I nod and agree to stick around for coffee with him and a few of the guys. Since this case got hot I haven’t been going to meetings. I’ve noticed the difference, being here. No man is an island. It’s a saying that I should tattoo to my wrist. When I’m angry and losing control, I need to remember there’s a solution. It’s fine to go work the punching bag or lift weights, but there’s more to life than that.
Neon would spit out her mouthful of vodka if she heard me say that. I never would have
, let alone
something so new age when we were together. AA has changed me. Being a cop has changed me, but lately, seeing Carrie again has changed me.
I hang around for coffee with the guys who stay back. I wish she were here with us now. There’s something so calming about her presence. I want to hold her in my arms. I want to talk to her and just hang out. I end up leaving early anyway. Home is the next stop and I’m glad to have the house to myself. All of a sudden I’m tired. The gym and the meeting wore me out. It’s my day off, and I start back my shift later tonight. A nap right now is only going to work out if I set my alarm, which I do.
As usual, the moment my head hits the pillow my mind comes alive. For once, I’m not punishing myself. Instead, I’m feeling gratitude for the way my life has changed. There was something so empowering about being able to say no to Neon when she kissed me. That woman was a drug to me, an obsession for so many years. I gave her my power, but early today, I took it back again.
My next train of thought is saving April. If I’m strong enough to say no to Neon, then it’s time I start using her as the resource of information she really is. I need to work her like I do my informants, not keep her as an old friend. If I can just get a moment to ask her directly, I’m sure I’ll know if she’s telling the truth or not. I used to be able to tell when she was lying. When we used to play poker together, Neon’s lip tends to curl up on one side when she was bluffing. Jesus, if I ever let her know I noticed her do that, I would have been in for a world of grief. But I didn’t. Maybe there’s hope for a lead after all. If everything Neon and I ever shared comes down to me finding April, then everything Neon put me through up until now has been worth it.
I may be off the case, but this is different. Information from her can actually help. Carrie should agree, even if Cooper and the FBI don’t. They’ll surely see any action from the NYPD as an encroachment on their territory. Even if I do have something of value to offer, I need to be careful not to step on any feet. It’s risky, but it’s definitely worth a trip over there. I’ll do that later. For now, I need some shuteye.
My thoughts stray again to the woman I love. The way her skin feels, the way her hair smells. It’s crazy but the simplest things about her make me wild. I wonder what she’s doing now. I know what I want her to be doing. Those lips belong on my body.
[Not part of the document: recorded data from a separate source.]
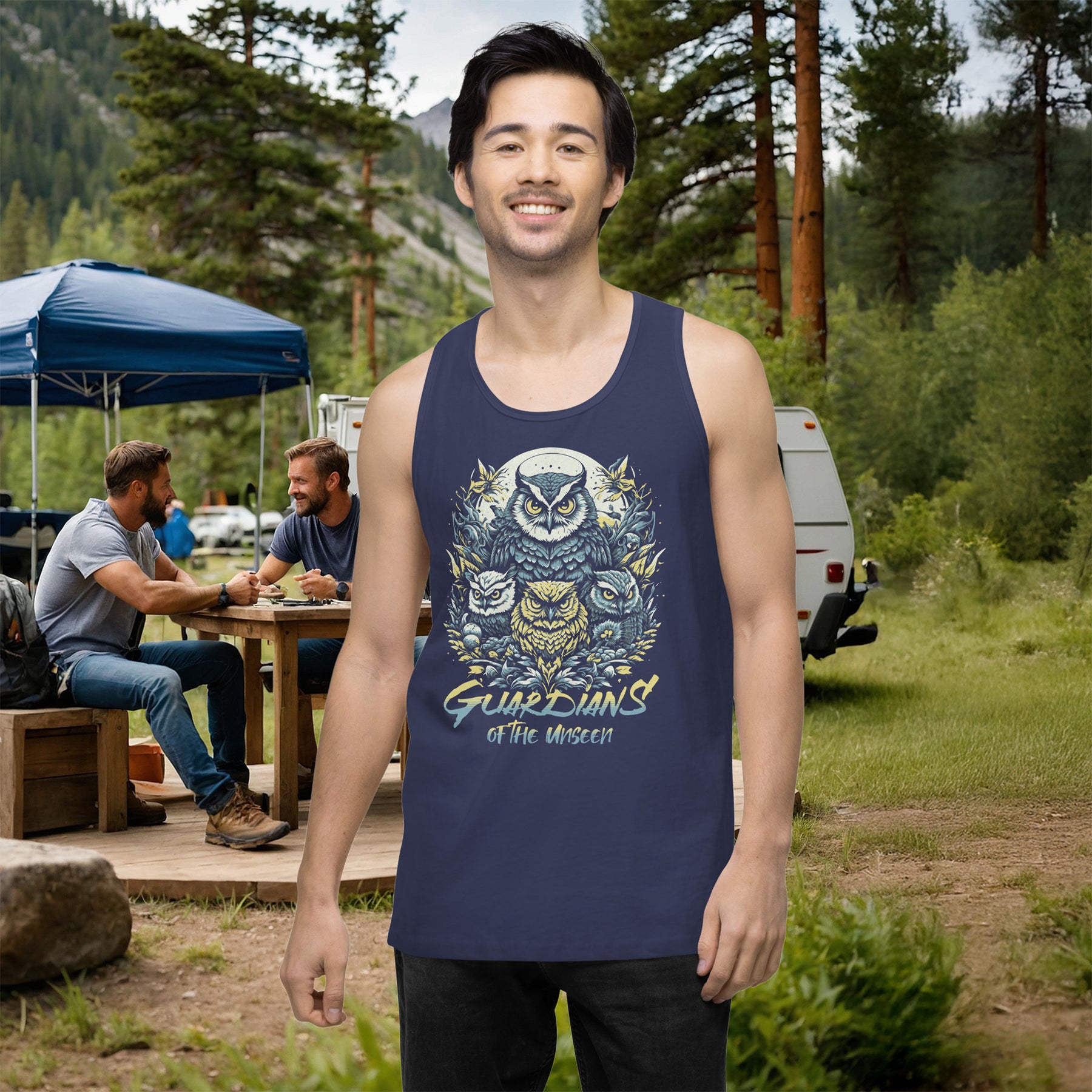 Embrace mystery with the Guardians of the Unseen Tank, featuring a striking owl design. This premium-quality tank top is crafted for men who value both style and durability, offering exceptional softness and smoothness.
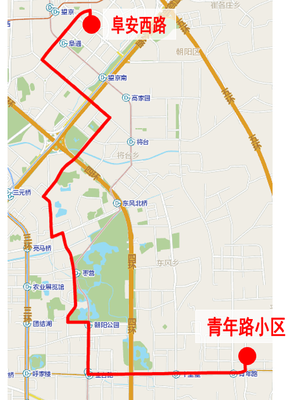 ⓞ沿跃进中路向西骑行385米右转
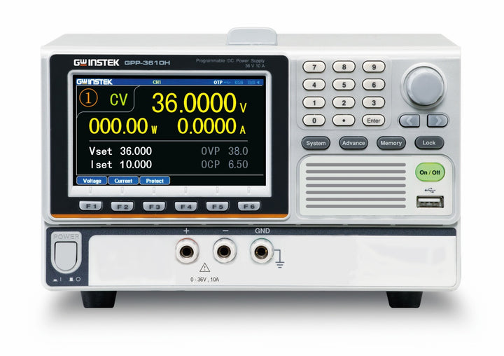 GPP programmable DC power supply series incorporates two new 360W models, namely the 36 V/10 A GPP-3610H and the 72 V/5 A GPP-7250. GPP-3610H provides high programming resolution (1 mV/0.2 mA) and readback resolution (0.1 mV/0.2 mA); GPP-7250 provides high programming resolution (2mV/0.2mA) and readback resolution (0.1 mV/0.1 mA), and the best low ripple noise characteristics ≦1 mVrms ( 5 Hz to 1 MHz) / ≦2 mArms and output transient recovery capability≦100 us.
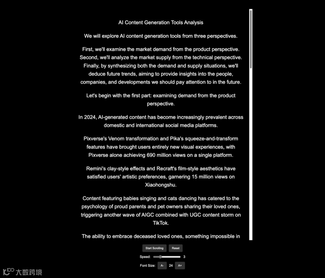 请将演讲稿传给Manus,它帮你生成一个网页版的提词器。滚动、速度等参数都还可以调。如下图所示:
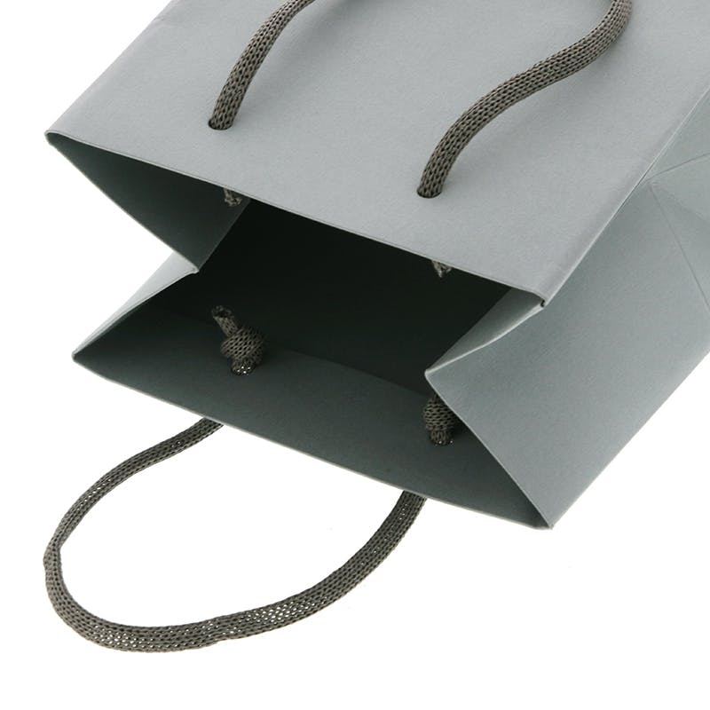 エンボスの入った自然で柔らかい風合いの特殊紙を使用した紙袋です。持ち手は一般的な石油由来のアクリル紐ではなく、柔らかく環境にやさしい紙紐を採用。紙製とは思えないしなやかさです。お店のイメージや、プレゼントするアイテムに合わせて選べるカラーバリエーションも魅力。●入数:5枚 ●手紐:紙紐(グレー)
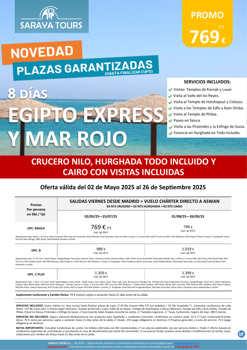 Egipto Express y Mar Rojo 8D *Crucero Nilo, Hurghada TI y Cairo + Visitas incluidas. Hasta Abril 26. Dsd 779 €

I’d give almost everything to hold her right now, to make her my own.
I’m instantly hard, reaching down I stroke myself and feel my cock jump in response. I cup my fist around the head of my cock, and imagine it’s her mouth. Those warm wet lips are wide open, and I picture her tongue sliding around and around the tip of my head. The thought makes me groan out loud. I think of burying myself inside her mouth then spinning her around to feast on her sopping pussy as she sucks me. She’s just the right size and I want to part her sweet, warm pussy lips and lick her into a frenzy.
I’m more excited with every stroke. In my fantasy, she gives herself to me completely. Opens her legs and welcomes me in. I want to suckle on her neck; nipping and licking until she’s screaming for mercy. I know how much she loves to ride my cock, so the thought of her climbing aboard and sliding that tight pussy right down to my balls makes me explode my come. I can’t help shouting out before I slip into a peaceful, exhausted dream state.